_Work item_
Copy word for word, please, the lines of the entries below running from the one containing "一张展示现代简约风格的静物摄" to the one containing "Spot Tersedia Gaun", both ends included.

_Record extracts_
━━━━━━━━━━━━━━━━━━━━

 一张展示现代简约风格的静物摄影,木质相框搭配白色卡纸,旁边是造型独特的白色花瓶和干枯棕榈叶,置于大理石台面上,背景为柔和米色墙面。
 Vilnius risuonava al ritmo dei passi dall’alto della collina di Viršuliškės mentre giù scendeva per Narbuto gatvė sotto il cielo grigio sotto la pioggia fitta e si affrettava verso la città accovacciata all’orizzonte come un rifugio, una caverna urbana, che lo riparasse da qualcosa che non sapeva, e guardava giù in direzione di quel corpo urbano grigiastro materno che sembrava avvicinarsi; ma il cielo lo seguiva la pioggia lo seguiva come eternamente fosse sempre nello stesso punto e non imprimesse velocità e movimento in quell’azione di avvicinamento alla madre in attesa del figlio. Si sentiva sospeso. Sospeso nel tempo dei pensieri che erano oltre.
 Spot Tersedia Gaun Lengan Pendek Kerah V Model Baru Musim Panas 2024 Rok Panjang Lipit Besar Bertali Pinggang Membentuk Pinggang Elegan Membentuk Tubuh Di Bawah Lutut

━━━━━━━━━━━━━━━━━━━━

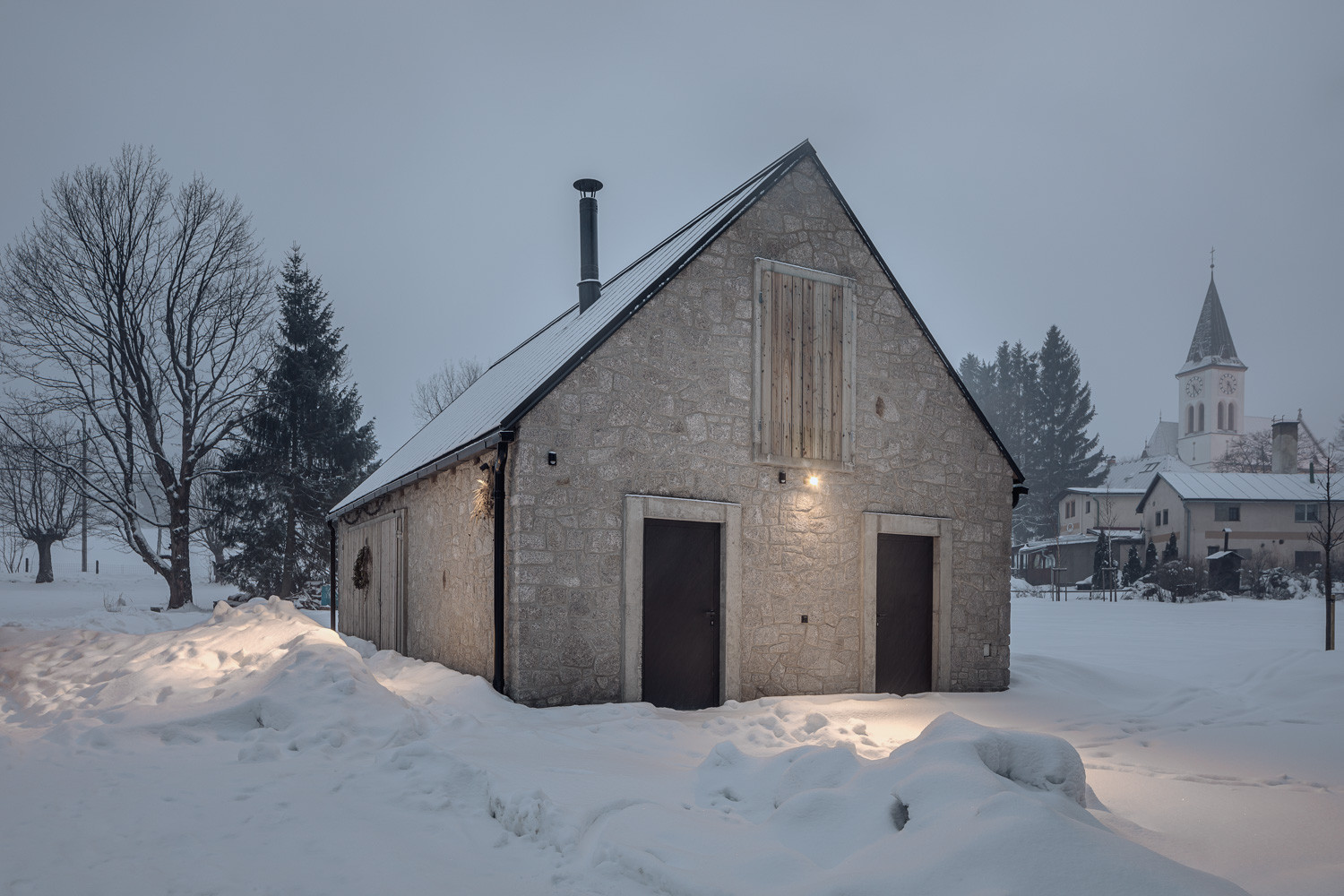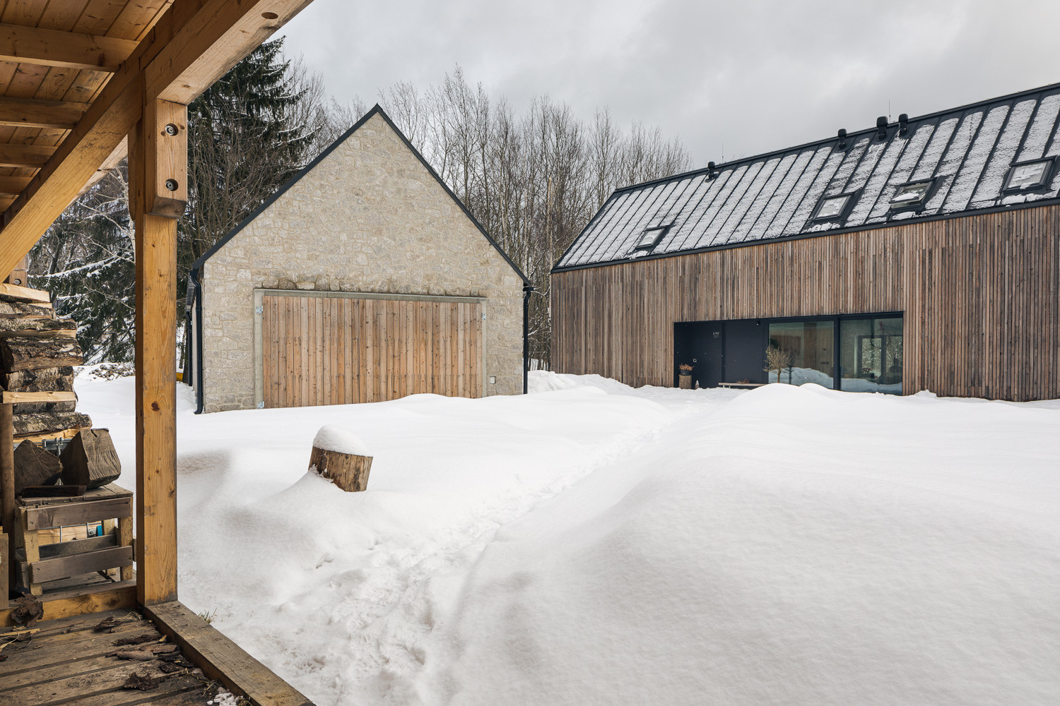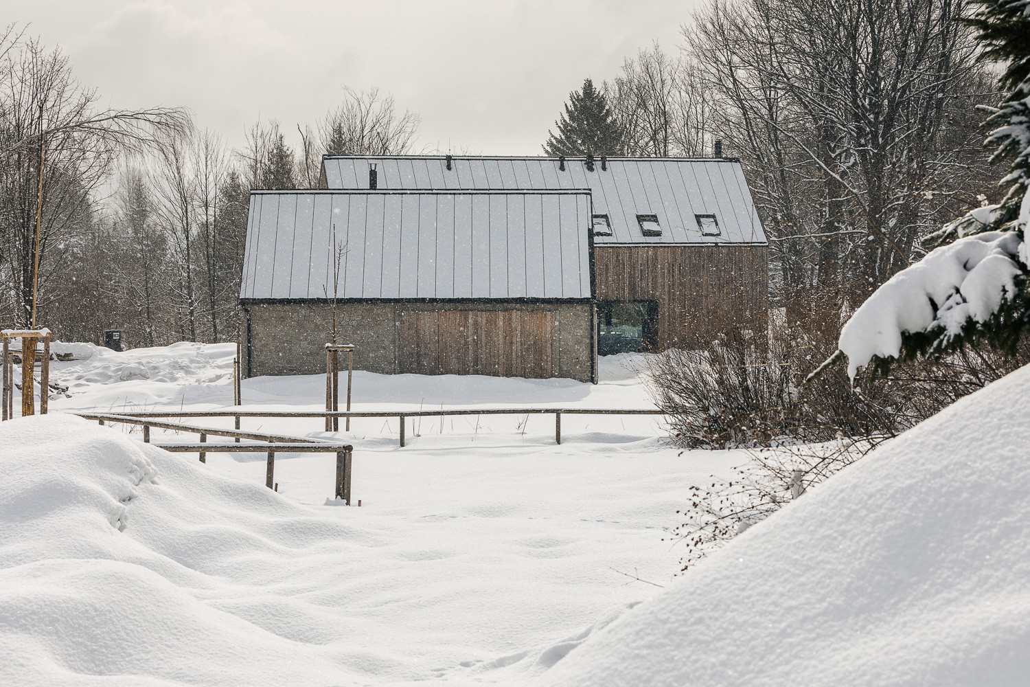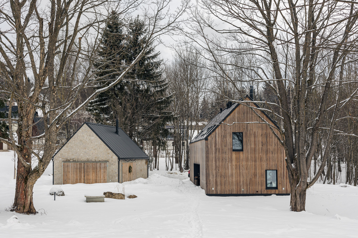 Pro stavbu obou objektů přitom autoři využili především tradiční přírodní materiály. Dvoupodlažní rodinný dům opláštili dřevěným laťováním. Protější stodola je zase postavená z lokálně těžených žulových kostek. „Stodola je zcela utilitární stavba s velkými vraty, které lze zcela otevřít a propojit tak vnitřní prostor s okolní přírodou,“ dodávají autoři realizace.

━━━━━━━━━━━━━━━━━━━━

_Worked solution_
 一张展示现代简约风格的静物摄影,木质相框搭配白色卡纸,旁边是造型独特的白色花瓶和干枯棕榈叶,置于大理石台面上,背景为柔和米色墙面。
 Vilnius risuonava al ritmo dei passi dall’alto della collina di Viršuliškės mentre giù scendeva per Narbuto gatvė sotto il cielo grigio sotto la pioggia fitta e si affrettava verso la città accovacciata all’orizzonte come un rifugio, una caverna urbana, che lo riparasse da qualcosa che non sapeva, e guardava giù in direzione di quel corpo urbano grigiastro materno che sembrava avvicinarsi; ma il cielo lo seguiva la pioggia lo seguiva come eternamente fosse sempre nello stesso punto e non imprimesse velocità e movimento in quell’azione di avvicinamento alla madre in attesa del figlio. Si sentiva sospeso. Sospeso nel tempo dei pensieri che erano oltre.
 Spot Tersedia Gaun Lengan Pendek Kerah V Model Baru Musim Panas 2024 Rok Panjang Lipit Besar Bertali Pinggang Membentuk Pinggang Elegan Membentuk Tubuh Di Bawah Lutut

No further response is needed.